━━━━━ RECORDS SUPPLIED ━━━━━
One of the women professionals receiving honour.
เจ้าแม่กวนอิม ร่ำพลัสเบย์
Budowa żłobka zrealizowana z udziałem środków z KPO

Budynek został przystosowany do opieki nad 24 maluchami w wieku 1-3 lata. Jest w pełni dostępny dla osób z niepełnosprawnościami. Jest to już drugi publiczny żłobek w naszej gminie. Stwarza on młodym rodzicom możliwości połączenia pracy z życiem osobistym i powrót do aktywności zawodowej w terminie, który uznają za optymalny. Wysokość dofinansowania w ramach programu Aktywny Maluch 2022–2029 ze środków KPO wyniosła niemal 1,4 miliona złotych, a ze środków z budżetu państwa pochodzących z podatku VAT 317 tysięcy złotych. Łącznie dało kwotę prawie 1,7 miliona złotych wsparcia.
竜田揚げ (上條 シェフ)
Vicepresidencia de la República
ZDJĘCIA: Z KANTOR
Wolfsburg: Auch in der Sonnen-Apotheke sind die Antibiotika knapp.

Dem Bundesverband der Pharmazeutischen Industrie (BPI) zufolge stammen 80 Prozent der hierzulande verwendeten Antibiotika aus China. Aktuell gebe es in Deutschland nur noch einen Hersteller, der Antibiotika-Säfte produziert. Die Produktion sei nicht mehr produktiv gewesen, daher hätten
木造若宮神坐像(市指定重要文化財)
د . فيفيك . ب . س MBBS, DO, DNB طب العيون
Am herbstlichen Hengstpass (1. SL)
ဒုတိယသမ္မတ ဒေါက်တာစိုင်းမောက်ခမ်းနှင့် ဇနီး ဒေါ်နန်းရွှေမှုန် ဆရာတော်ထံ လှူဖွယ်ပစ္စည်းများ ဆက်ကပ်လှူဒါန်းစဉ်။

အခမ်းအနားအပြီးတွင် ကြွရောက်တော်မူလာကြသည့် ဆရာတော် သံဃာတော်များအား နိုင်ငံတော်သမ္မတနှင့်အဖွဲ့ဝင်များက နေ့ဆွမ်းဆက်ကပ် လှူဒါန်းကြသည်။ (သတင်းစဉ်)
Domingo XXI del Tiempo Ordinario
━━━━━
━━━━━ RECORDS SUPPLIED ━━━━━
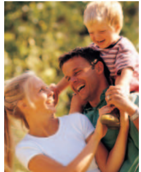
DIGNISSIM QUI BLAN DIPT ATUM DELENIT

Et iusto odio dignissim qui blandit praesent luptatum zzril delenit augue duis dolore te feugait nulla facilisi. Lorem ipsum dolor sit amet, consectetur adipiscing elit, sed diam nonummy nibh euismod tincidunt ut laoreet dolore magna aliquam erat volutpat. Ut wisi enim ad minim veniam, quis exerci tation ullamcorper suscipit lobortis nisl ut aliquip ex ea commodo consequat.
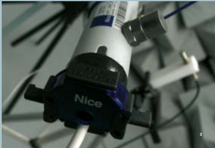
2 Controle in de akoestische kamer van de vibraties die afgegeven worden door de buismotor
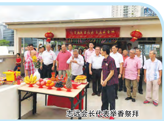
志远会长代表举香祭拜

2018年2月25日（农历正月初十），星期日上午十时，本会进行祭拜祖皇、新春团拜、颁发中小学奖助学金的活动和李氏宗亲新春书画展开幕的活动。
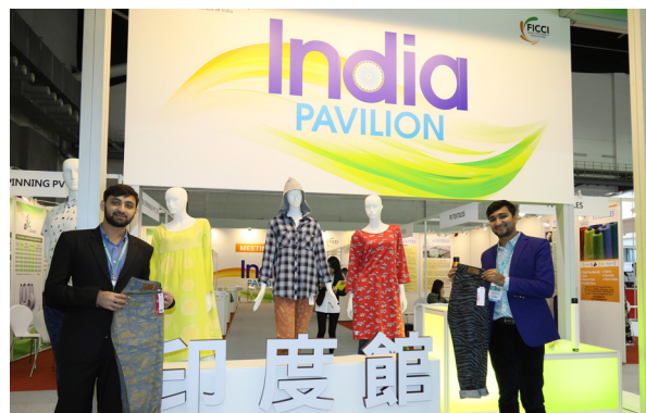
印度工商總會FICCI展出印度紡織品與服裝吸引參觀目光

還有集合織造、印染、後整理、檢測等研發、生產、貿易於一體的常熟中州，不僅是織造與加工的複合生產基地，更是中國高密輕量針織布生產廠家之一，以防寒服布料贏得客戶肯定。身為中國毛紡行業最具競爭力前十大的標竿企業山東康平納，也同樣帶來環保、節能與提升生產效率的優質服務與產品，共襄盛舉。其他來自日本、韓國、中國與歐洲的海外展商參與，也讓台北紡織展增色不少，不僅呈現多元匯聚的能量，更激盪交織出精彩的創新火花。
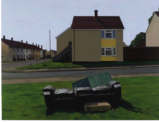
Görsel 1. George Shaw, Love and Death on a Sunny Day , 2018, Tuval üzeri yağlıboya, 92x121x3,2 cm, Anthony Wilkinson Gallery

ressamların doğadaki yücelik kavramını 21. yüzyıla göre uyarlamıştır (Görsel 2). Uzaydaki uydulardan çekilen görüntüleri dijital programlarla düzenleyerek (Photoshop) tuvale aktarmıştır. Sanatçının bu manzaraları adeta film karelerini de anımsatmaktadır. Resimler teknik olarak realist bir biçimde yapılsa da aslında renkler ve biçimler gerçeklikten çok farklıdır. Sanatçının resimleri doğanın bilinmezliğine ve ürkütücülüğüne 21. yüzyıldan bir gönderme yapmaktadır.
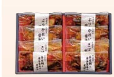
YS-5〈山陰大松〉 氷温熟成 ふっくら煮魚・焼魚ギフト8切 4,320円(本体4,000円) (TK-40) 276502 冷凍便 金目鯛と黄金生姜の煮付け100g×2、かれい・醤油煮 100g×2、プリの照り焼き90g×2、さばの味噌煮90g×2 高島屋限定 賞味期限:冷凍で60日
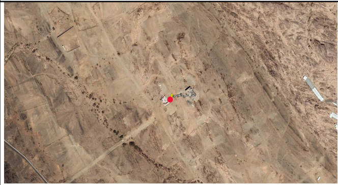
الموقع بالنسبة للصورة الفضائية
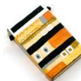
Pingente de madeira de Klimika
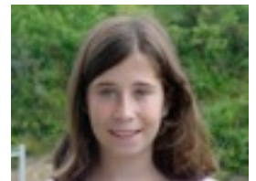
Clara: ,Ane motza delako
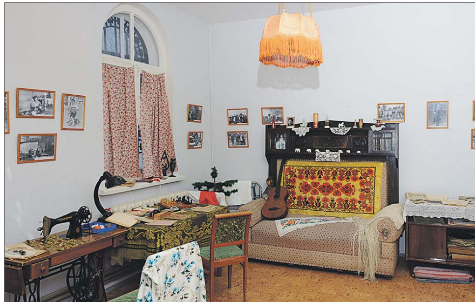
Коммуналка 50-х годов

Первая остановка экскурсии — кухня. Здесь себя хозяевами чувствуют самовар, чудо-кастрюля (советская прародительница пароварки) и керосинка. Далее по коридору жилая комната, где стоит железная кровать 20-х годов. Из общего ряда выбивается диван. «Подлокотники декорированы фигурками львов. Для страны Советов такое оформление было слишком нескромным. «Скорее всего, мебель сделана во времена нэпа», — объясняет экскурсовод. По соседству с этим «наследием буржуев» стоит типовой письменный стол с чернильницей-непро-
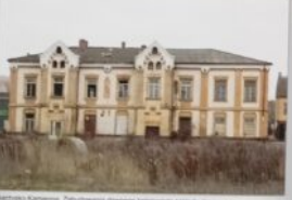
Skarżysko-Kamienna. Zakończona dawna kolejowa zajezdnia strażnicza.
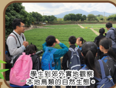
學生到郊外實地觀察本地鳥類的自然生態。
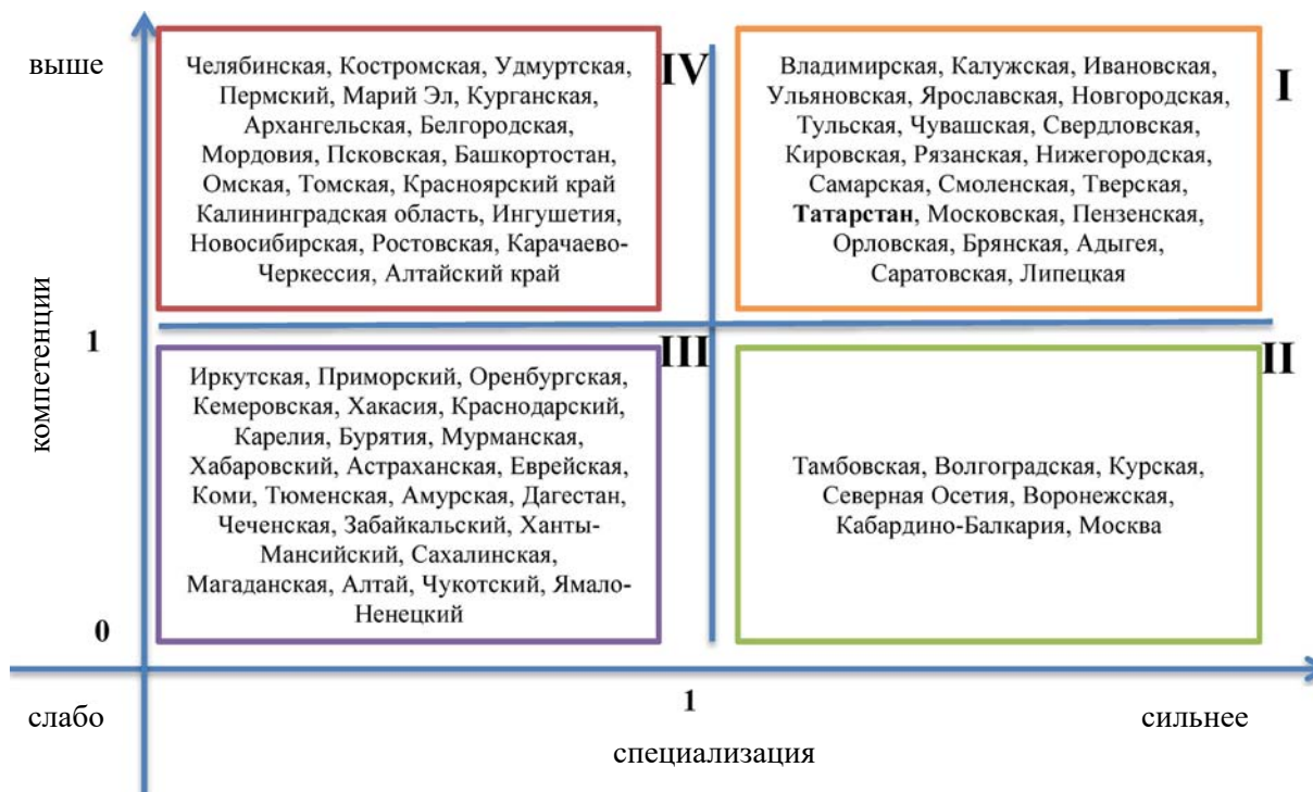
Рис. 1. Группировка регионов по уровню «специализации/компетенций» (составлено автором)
━━━━━
━━━━━ RECORDS SUPPLIED ━━━━━
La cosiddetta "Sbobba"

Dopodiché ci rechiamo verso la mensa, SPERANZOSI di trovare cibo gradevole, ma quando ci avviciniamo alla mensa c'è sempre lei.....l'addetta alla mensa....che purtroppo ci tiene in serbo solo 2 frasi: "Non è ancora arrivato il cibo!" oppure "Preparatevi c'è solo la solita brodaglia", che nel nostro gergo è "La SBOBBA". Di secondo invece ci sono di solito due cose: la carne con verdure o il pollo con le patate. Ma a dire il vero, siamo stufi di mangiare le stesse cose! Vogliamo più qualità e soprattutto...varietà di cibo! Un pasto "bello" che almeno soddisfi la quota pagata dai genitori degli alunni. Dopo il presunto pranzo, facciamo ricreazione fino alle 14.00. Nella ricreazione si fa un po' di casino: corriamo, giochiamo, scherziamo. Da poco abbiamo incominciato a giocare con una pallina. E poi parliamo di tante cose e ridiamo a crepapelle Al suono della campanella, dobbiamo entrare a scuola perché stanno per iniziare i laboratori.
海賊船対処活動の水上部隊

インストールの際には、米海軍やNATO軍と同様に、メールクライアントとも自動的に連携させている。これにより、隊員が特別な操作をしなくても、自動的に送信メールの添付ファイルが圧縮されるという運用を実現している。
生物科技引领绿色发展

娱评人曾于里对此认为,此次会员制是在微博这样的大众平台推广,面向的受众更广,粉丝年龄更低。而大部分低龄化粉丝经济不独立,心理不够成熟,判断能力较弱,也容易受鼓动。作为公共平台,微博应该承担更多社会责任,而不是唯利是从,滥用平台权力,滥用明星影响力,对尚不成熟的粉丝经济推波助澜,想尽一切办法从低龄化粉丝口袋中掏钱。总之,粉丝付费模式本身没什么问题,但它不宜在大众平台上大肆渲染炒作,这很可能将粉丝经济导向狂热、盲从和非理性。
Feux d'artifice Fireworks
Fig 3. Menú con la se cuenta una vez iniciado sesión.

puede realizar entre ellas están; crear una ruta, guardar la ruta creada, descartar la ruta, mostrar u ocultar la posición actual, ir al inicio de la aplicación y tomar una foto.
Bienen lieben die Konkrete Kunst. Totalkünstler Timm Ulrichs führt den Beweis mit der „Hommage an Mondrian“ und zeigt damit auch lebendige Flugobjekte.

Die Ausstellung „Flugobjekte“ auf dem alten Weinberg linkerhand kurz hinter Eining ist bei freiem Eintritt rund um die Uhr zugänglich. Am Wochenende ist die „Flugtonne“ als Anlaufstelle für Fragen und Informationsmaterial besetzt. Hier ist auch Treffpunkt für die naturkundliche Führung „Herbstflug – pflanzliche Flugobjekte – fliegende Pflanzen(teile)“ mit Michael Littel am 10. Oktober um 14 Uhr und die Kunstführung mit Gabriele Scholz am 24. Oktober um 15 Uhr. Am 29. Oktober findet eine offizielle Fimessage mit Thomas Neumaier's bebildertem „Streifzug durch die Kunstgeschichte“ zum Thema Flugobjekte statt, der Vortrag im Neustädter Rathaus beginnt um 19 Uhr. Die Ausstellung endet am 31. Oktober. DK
━━━━━
ASSIGNMENT: Report only how many lines in the entries contain "środków".

RESPONSE AREA: 2